Work required:
Here the job is to transcribe the data verbatim while leaving each picture out.

Dataset extract:

=-=-=-=-=

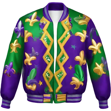 Lettermen jacket in purple, gold and green with the words “Mardi Gras” on the back emoji
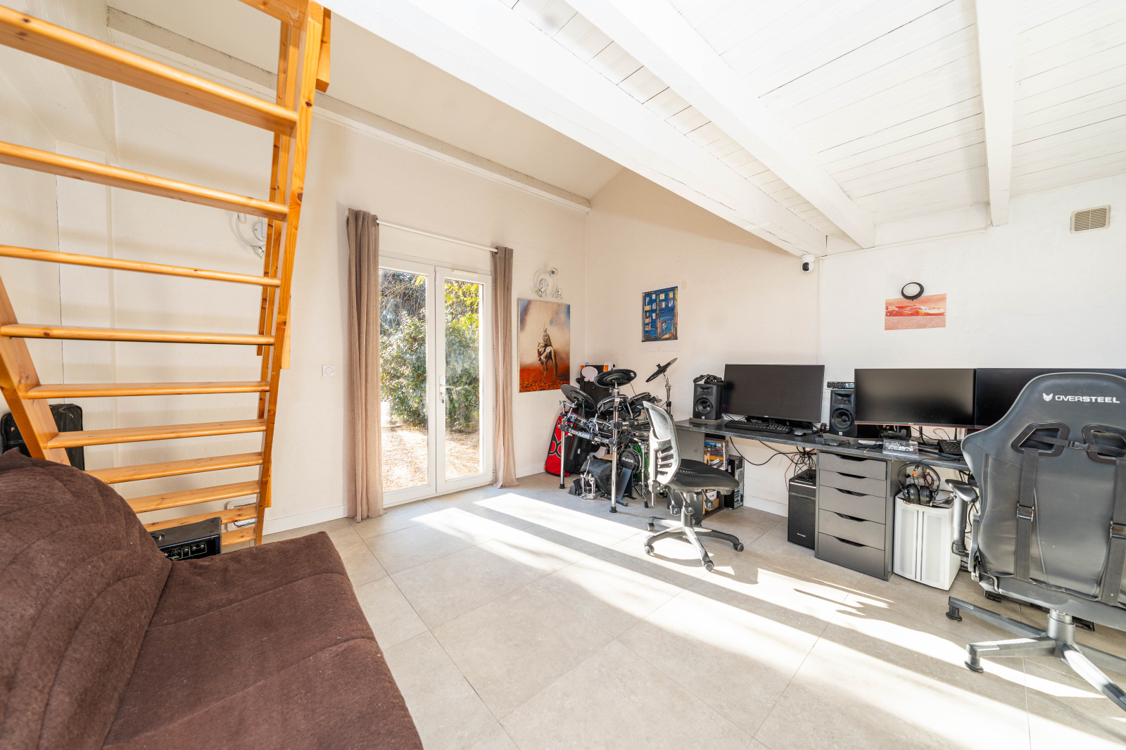 Ce niveau comprend également une grande chambre de plain-pied avec mezzanine, salle de douche et WC. Grâce à sa configuration et son accès, elle peut aisément devenir un studio indépendant. Un bureau ainsi qu’une buanderie complètent ce niveau.
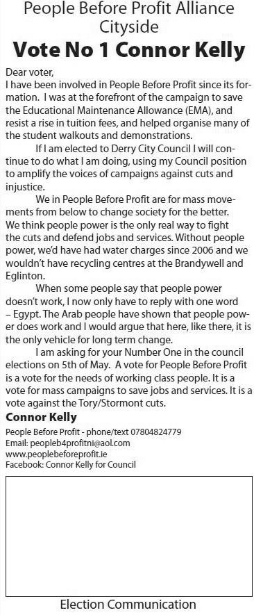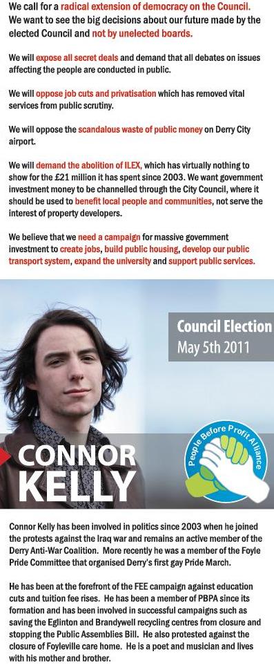 From the 2011 Local Elections for Derry City Council a leaflet from Connor Kelly who was running for People Before Profit in Cityside.

=-=-=-=-=

Result below:
 Lettermen jacket in purple, gold and green with the words “Mardi Gras” on the back emoji
 Ce niveau comprend également une grande chambre de plain-pied avec mezzanine, salle de douche et WC. Grâce à sa configuration et son accès, elle peut aisément devenir un studio indépendant. Un bureau ainsi qu’une buanderie complètent ce niveau.
 From the 2011 Local Elections for Derry City Council a leaflet from Connor Kelly who was running for People Before Profit in Cityside.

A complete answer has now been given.